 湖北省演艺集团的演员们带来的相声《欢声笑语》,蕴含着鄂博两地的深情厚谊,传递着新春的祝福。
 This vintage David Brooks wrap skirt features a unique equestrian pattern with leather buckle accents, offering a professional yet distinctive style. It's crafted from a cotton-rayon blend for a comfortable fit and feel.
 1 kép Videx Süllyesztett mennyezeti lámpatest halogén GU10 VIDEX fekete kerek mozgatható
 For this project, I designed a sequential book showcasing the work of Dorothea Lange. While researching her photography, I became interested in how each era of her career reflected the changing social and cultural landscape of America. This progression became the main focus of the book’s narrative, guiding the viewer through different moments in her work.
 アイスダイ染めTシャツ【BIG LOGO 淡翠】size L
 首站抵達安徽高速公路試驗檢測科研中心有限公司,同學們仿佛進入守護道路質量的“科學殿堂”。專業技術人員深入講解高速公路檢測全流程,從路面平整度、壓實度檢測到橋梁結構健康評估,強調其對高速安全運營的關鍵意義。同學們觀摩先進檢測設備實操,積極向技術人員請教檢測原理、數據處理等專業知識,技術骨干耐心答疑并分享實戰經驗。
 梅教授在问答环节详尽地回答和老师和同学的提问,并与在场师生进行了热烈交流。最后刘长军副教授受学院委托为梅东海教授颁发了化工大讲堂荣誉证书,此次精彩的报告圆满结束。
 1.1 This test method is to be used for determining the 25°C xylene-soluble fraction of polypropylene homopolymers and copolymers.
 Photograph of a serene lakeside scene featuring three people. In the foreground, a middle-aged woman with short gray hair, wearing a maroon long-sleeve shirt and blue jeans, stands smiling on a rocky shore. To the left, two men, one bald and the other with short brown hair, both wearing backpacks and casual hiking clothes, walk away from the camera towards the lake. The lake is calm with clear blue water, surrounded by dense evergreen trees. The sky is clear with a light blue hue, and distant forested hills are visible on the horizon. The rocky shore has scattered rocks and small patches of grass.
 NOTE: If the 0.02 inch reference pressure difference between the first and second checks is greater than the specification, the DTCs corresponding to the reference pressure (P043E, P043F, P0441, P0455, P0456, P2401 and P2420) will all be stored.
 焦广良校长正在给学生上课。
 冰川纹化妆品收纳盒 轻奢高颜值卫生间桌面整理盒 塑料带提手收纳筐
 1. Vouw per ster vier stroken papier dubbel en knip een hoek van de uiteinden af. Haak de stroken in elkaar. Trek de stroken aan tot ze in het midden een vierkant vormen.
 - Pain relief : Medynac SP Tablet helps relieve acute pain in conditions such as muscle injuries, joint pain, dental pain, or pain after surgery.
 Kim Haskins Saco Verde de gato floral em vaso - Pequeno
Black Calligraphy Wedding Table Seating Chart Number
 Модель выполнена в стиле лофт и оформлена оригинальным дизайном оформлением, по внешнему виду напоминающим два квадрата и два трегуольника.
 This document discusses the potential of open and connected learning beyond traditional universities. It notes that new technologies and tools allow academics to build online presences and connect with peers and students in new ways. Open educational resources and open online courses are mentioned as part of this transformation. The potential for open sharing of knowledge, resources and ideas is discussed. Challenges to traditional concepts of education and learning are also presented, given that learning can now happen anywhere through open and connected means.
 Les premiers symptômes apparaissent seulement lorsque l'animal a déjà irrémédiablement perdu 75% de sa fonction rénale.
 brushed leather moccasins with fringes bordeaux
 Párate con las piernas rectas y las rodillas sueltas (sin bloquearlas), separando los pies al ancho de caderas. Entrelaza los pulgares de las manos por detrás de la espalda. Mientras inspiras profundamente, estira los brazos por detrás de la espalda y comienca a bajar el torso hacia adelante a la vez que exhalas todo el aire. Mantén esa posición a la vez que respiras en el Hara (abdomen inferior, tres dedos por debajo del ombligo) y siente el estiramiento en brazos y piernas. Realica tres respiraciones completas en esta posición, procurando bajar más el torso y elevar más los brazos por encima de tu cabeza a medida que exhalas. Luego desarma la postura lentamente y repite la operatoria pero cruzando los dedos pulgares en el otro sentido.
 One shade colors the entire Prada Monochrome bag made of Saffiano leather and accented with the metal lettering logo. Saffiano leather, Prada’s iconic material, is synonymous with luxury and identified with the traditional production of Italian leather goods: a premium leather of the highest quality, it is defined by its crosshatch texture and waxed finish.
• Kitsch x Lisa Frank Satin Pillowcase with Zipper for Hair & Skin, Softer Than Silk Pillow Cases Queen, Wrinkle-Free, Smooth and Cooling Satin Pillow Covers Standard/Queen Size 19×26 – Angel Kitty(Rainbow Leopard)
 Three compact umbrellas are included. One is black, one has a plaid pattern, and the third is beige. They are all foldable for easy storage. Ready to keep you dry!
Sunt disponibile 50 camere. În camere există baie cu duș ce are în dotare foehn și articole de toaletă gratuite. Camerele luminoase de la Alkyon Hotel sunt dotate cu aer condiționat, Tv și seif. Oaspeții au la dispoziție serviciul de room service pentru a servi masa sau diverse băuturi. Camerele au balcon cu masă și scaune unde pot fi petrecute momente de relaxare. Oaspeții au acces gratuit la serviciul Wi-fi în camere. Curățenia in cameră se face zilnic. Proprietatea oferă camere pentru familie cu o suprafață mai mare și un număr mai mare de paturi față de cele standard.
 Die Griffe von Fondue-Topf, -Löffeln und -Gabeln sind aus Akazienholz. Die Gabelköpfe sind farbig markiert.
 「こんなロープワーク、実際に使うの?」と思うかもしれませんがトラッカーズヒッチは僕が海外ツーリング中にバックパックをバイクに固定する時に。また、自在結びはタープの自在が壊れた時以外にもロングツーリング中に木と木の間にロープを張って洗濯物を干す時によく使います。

··········

**About this task:**
All lines from the opening of the material through the line that contains "This vintage David" are to be printed exactly, with no others.

**Reply:**
 湖北省演艺集团的演员们带来的相声《欢声笑语》,蕴含着鄂博两地的深情厚谊,传递着新春的祝福。
 This vintage David Brooks wrap skirt features a unique equestrian pattern with leather buckle accents, offering a professional yet distinctive style. It's crafted from a cotton-rayon blend for a comfortable fit and feel.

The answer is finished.